▶ [EXERCISE DIRECTIONS]: Wherever the line that contains "New Trendy New" falls, repeat it and the lines after it exactly until the records end, without any pictures.

(Stored records)
= = = =

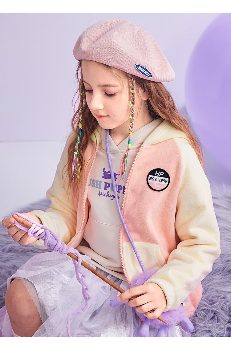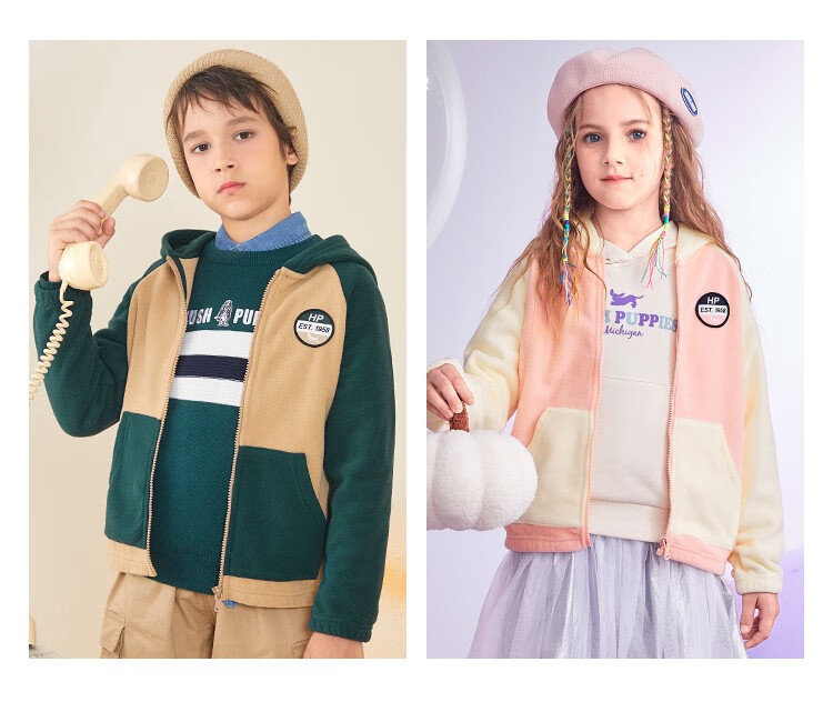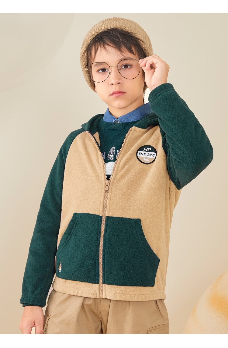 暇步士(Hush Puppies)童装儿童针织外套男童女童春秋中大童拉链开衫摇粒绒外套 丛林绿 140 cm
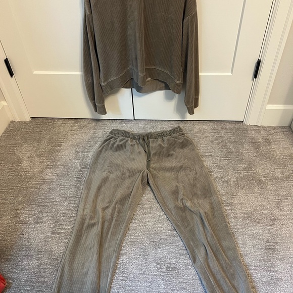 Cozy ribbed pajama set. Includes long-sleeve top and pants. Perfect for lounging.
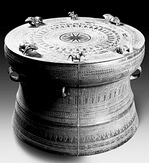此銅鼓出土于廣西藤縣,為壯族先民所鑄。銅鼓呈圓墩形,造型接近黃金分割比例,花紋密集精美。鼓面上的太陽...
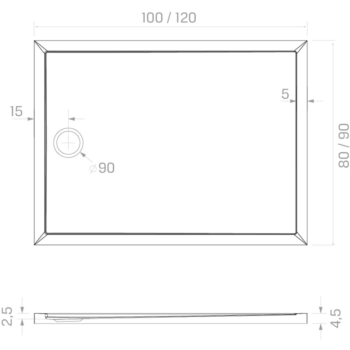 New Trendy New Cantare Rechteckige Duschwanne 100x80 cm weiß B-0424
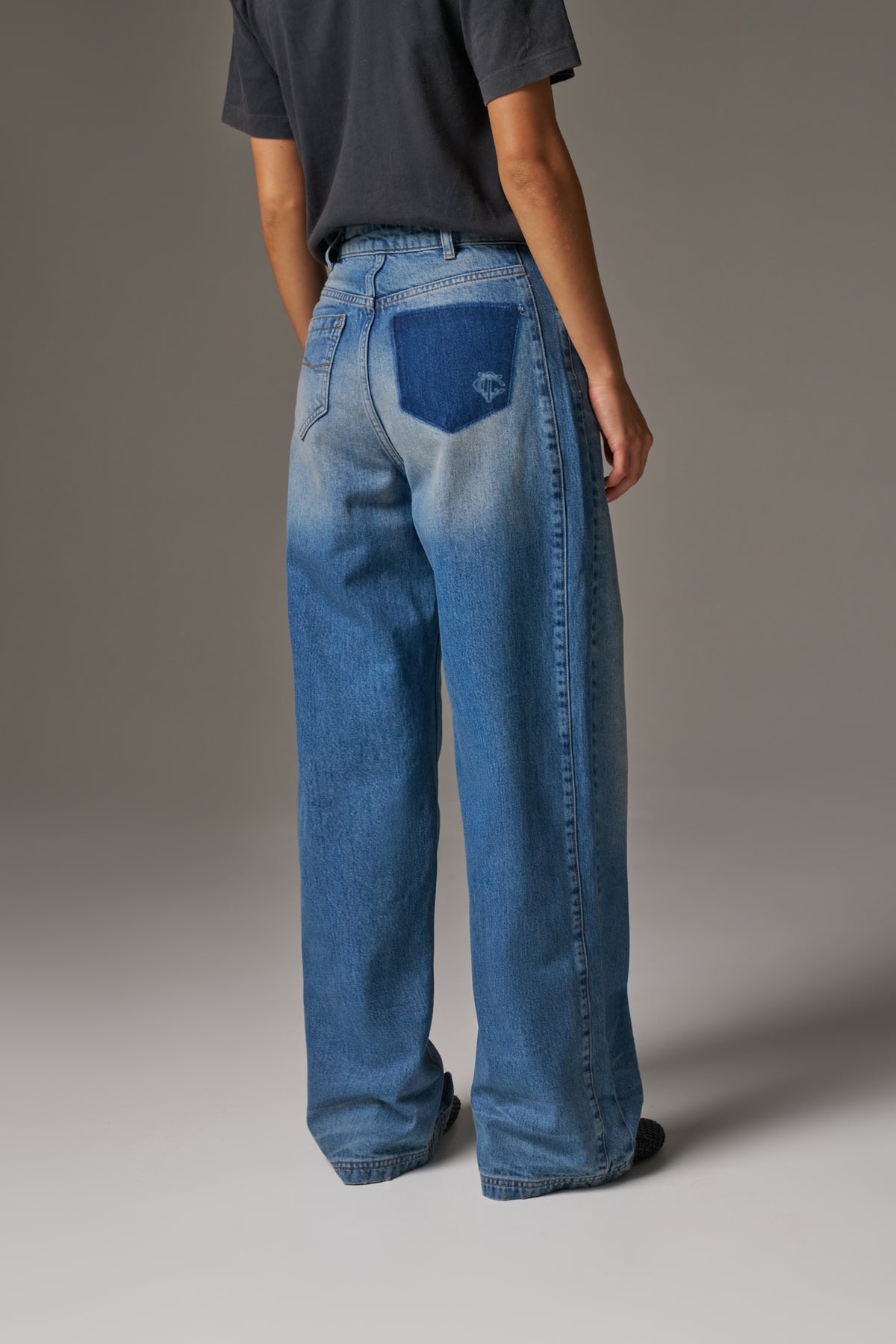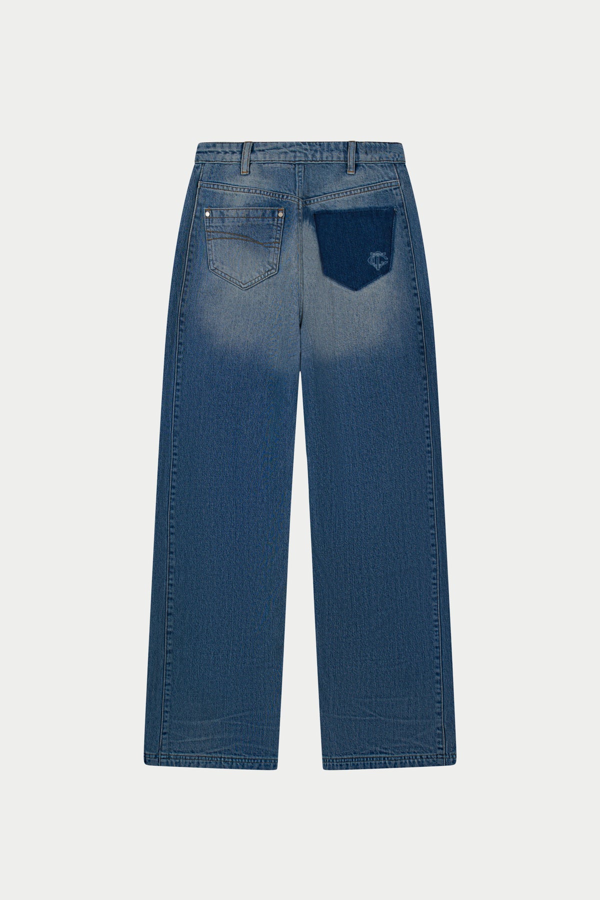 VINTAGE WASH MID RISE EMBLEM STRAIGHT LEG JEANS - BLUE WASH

= = = =

▶ [SOLUTION TO THIS EXERCISE]:
 New Trendy New Cantare Rechteckige Duschwanne 100x80 cm weiß B-0424
 VINTAGE WASH MID RISE EMBLEM STRAIGHT LEG JEANS - BLUE WASH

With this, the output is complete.